In context: Few pieces of legislation have forced tech companies to take the privacy of their users' data seriously more than the EU's General Data Protection Regulation, better known as the GDPR. Among other things, the GDPR -- via a clause known as the "Right to Access" -- requires tech companies to provide users with all of the data that's been collected about them on request.
So far, most major international corporations have created automated systems that allow this to occur, but it seems that may not be quite good enough for some privacy advocates.
Privacy group noyb, headed up by Max Schrems, has filed numerous complaints against YouTube, Netflix, Spotify, Apple, Amazon, and more.
Schrems alleges that the companies either failed to comply with Right to Access rules entirely by ignoring requests for data or failed to provide required background information regarding how the data is used and who it's been shared with.
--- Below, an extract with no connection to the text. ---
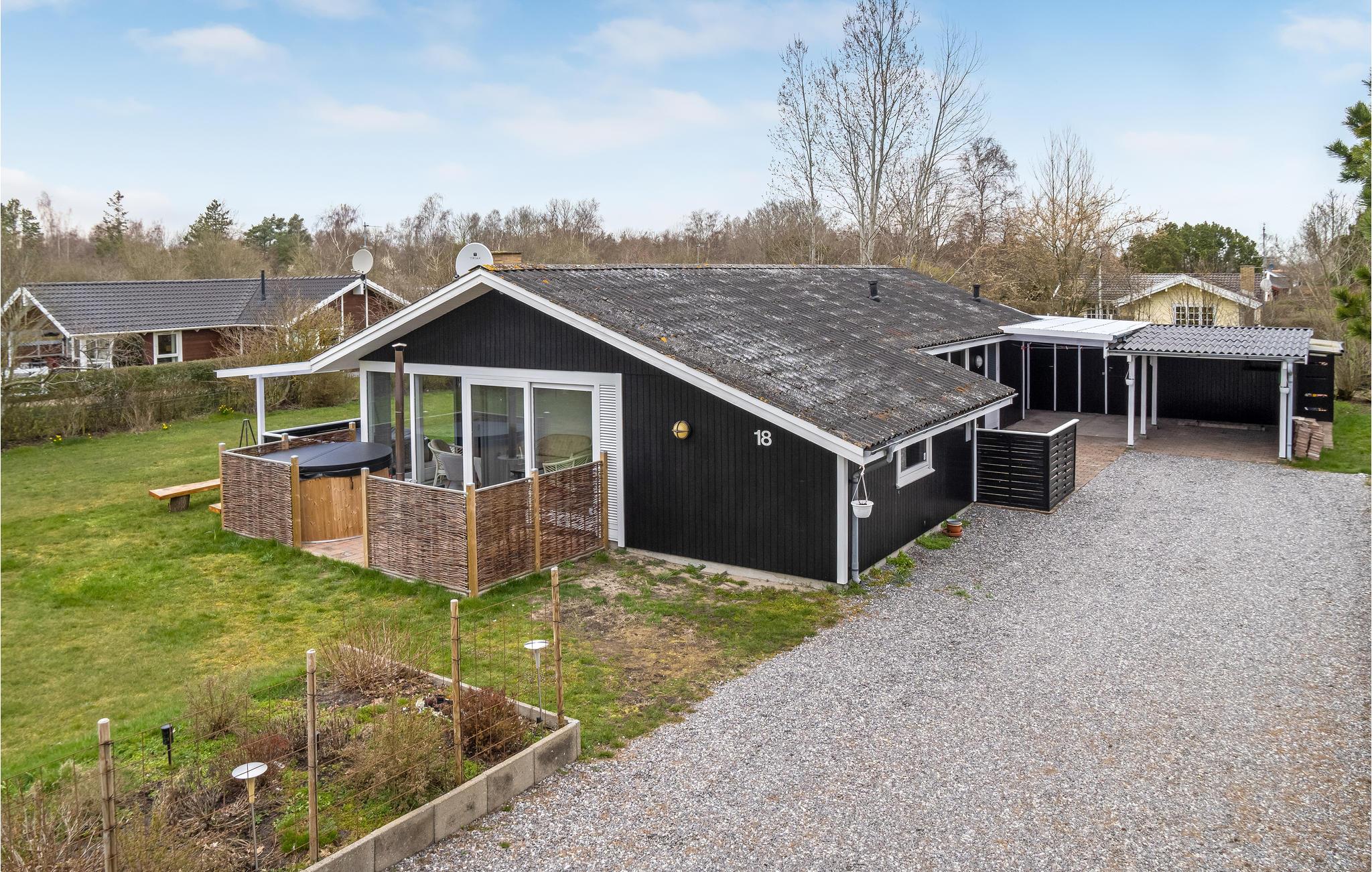 Lyst og komfortabelt feriehus tæt på Hummingen Strand med vildmarksbad og hyggelig have.

...Schrems is undoubtedly hoping the EU will put its money where its mouth is, and prove that the GDPR isn't a toothless piece of legislation.
By filing these complaints, Schrems is undoubtedly hoping the EU will put its money where its mouth is, and prove that the GDPR isn't a toothless piece of legislation.
In theory, if regulators do find that the companies in question have run afoul of the GDPR, the fines can get pretty high. According to noyb's complaint summary, Amazon (to name one example) could get hit with a maximum penalty of $8.02 billion.
We'll be monitoring this story moving forward, and we'll let you know if any of the companies targeted by Schrems' complaints issue any official statements.